What you have to do:
The entries below are to be repeated exactly, with the pictures left out.

*** Begin section ***

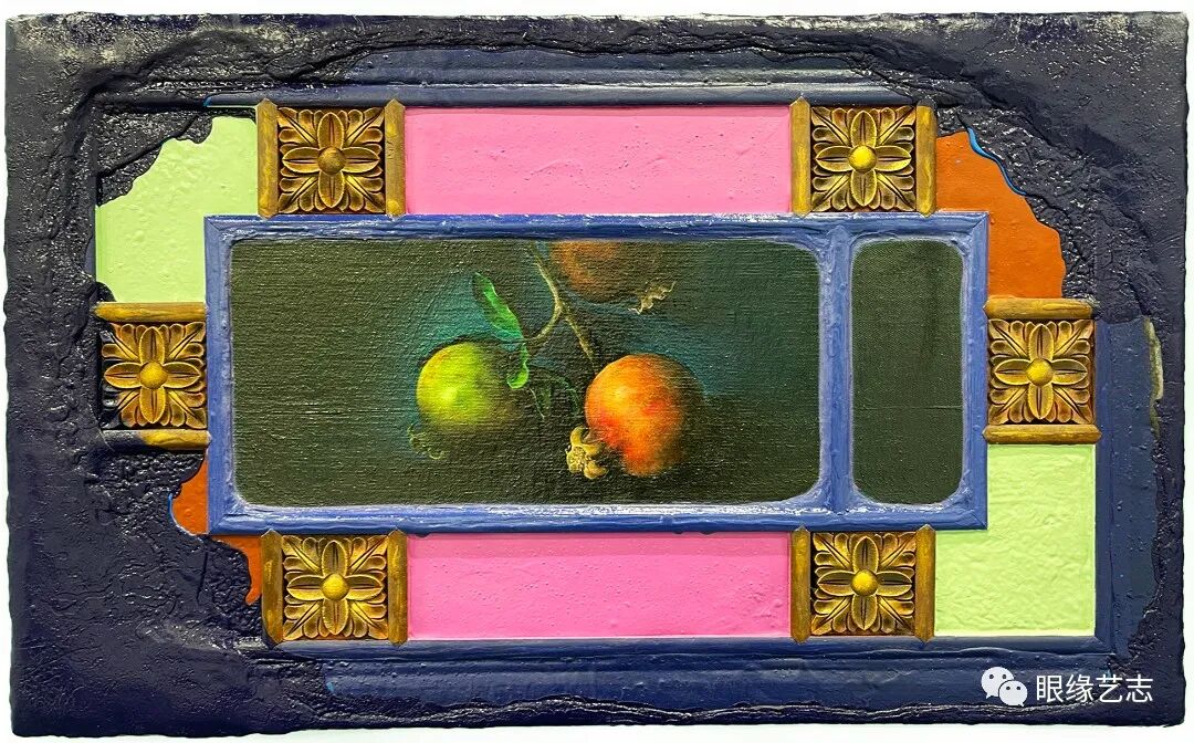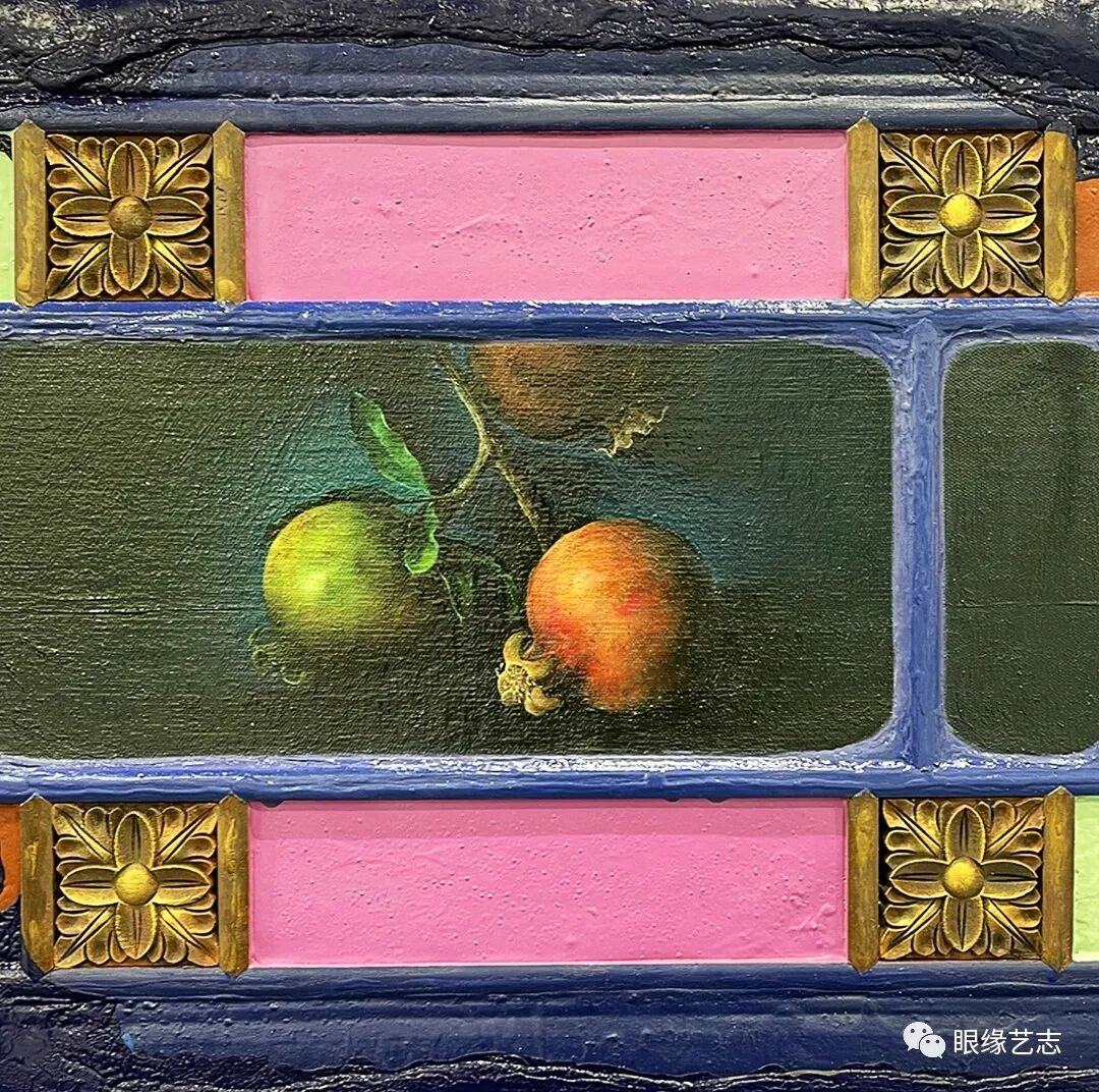 杨永生以动植物为主线,巧妙地吸收了中国画的审美,并结合中国民间美术的形式,用油画表达了中国画的内容与情怀。他在创作中直接选用民间花窗、花板等材料,再重新绘制原有的图画,并以陶瓷石膏填充、上色。
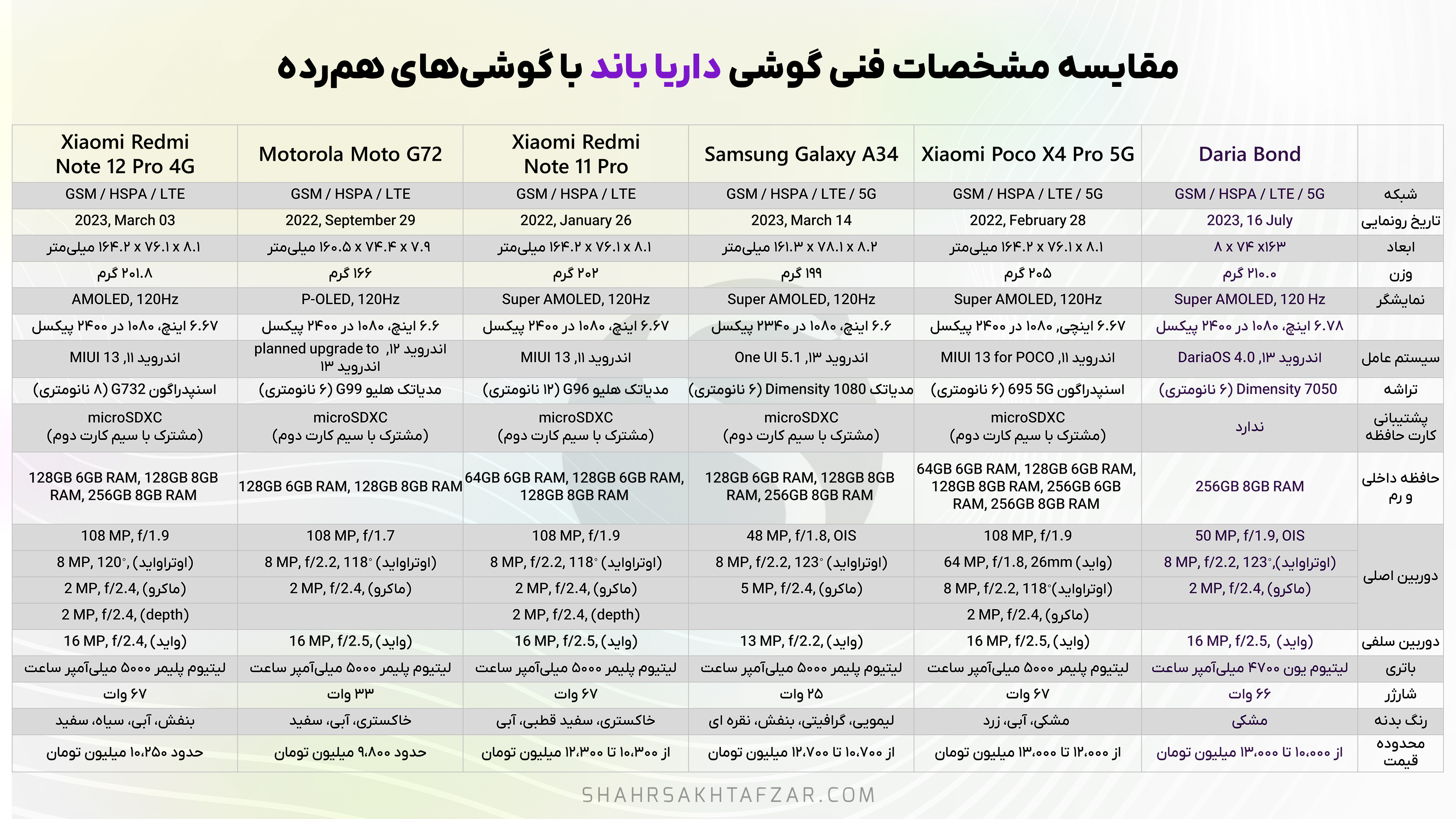 در این مطلب به مقایسه موبایل داریا باند با چند گوشی هوشمند میان رده از برندهای دیگر شامل گوشیهای Galaxy A34 Redmi Note 11 Pro و Poco X4 Pro و Motorola Moto G72 و Redmi Note 12 Pro 4G خواهیم پرداخت و در ادامه به سراغ بررسی تفاوت گوشی داریا باند با محصولات همرده میرویم.
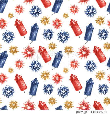 Fourth of July seamless pattern. Red, Blue firecrackers and fireworks bursts. Independence day holiday background. Hand drawn watercolor 4th of July clipart for wrapping paper, gifts, textile, napkins
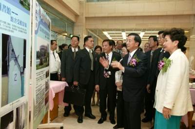 陳總統水扁先生今天上午前往台中參加國立中興大學八十五週年校慶、九二一震損樓館重建落成暨台灣文學研究所揭牌典禮,並在致詞後則為中興大學圖書館落成啟用剪綵,及台灣文學研究所的成立揭牌。
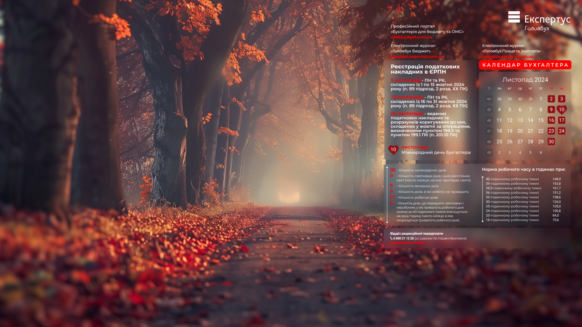 Обирайте та скачайте календар бухгалтера на листопад у вигляді «шпалер» на робочий стіл комп'ютера.
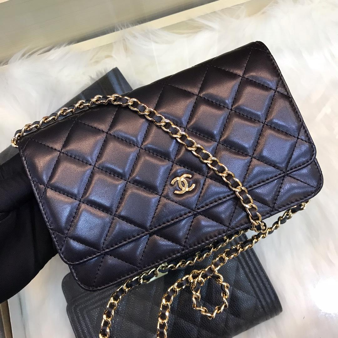 Ch**el small vanity case lambskin and gold metal black as2630 15 x 10 x 11 cm
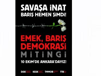 Sözümüzü hep birlikte söylemek ve mücadelemizi büyütmek için DİSK, KESK, TMMOB, TTB olarak 10 Ekim`de Ankara`da "Emek Barış Demokrasi" mitingi yapma kararı aldık. Mitinge katılım için çağrımız bu ülkede insandan, emekten, haktan, hukuktan, adaletten, kardeşlikten, barıştan yana olan örgütlü örgütsüz herkesedir.
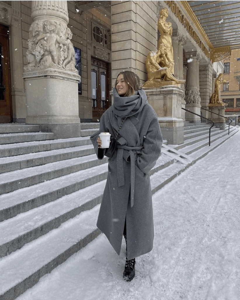 - Пальто-халат: універсальна модель із запахом та поясом, яка підходить практично всім типам фігури, дозволяючи акцентувати талію та регулювати об’єм виробу;
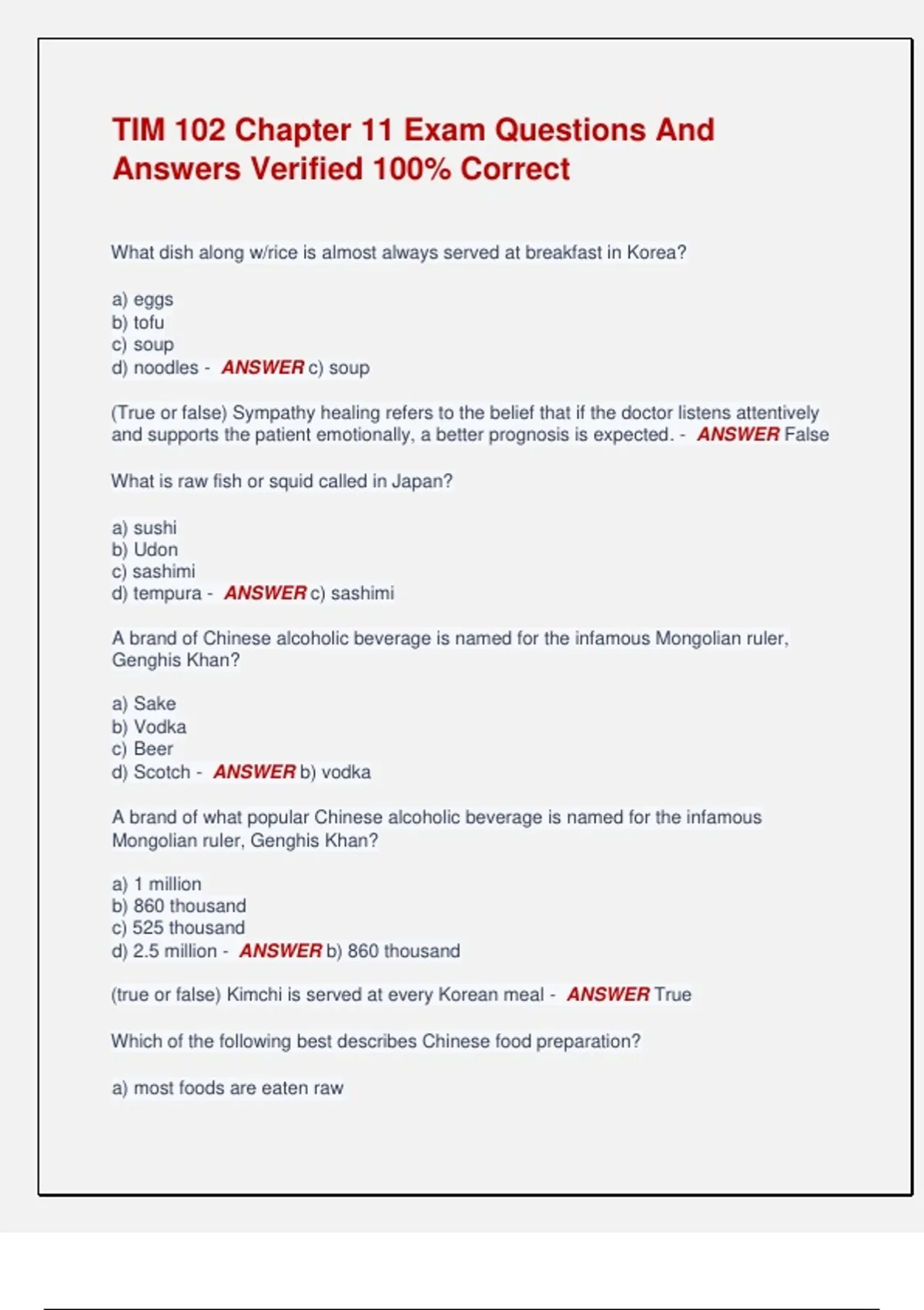 d) tempura - ANSWER c) sashimi

*** End section ***

Task solution:
 杨永生以动植物为主线,巧妙地吸收了中国画的审美,并结合中国民间美术的形式,用油画表达了中国画的内容与情怀。他在创作中直接选用民间花窗、花板等材料,再重新绘制原有的图画,并以陶瓷石膏填充、上色。
 در این مطلب به مقایسه موبایل داریا باند با چند گوشی هوشمند میان رده از برندهای دیگر شامل گوشیهای Galaxy A34 Redmi Note 11 Pro و Poco X4 Pro و Motorola Moto G72 و Redmi Note 12 Pro 4G خواهیم پرداخت و در ادامه به سراغ بررسی تفاوت گوشی داریا باند با محصولات همرده میرویم.
 Fourth of July seamless pattern. Red, Blue firecrackers and fireworks bursts. Independence day holiday background. Hand drawn watercolor 4th of July clipart for wrapping paper, gifts, textile, napkins
 陳總統水扁先生今天上午前往台中參加國立中興大學八十五週年校慶、九二一震損樓館重建落成暨台灣文學研究所揭牌典禮,並在致詞後則為中興大學圖書館落成啟用剪綵,及台灣文學研究所的成立揭牌。
 Обирайте та скачайте календар бухгалтера на листопад у вигляді «шпалер» на робочий стіл комп'ютера.
 Ch**el small vanity case lambskin and gold metal black as2630 15 x 10 x 11 cm
 Sözümüzü hep birlikte söylemek ve mücadelemizi büyütmek için DİSK, KESK, TMMOB, TTB olarak 10 Ekim`de Ankara`da "Emek Barış Demokrasi" mitingi yapma kararı aldık. Mitinge katılım için çağrımız bu ülkede insandan, emekten, haktan, hukuktan, adaletten, kardeşlikten, barıştan yana olan örgütlü örgütsüz herkesedir.
 - Пальто-халат: універсальна модель із запахом та поясом, яка підходить практично всім типам фігури, дозволяючи акцентувати талію та регулювати об’єм виробу;
 d) tempura - ANSWER c) sashimi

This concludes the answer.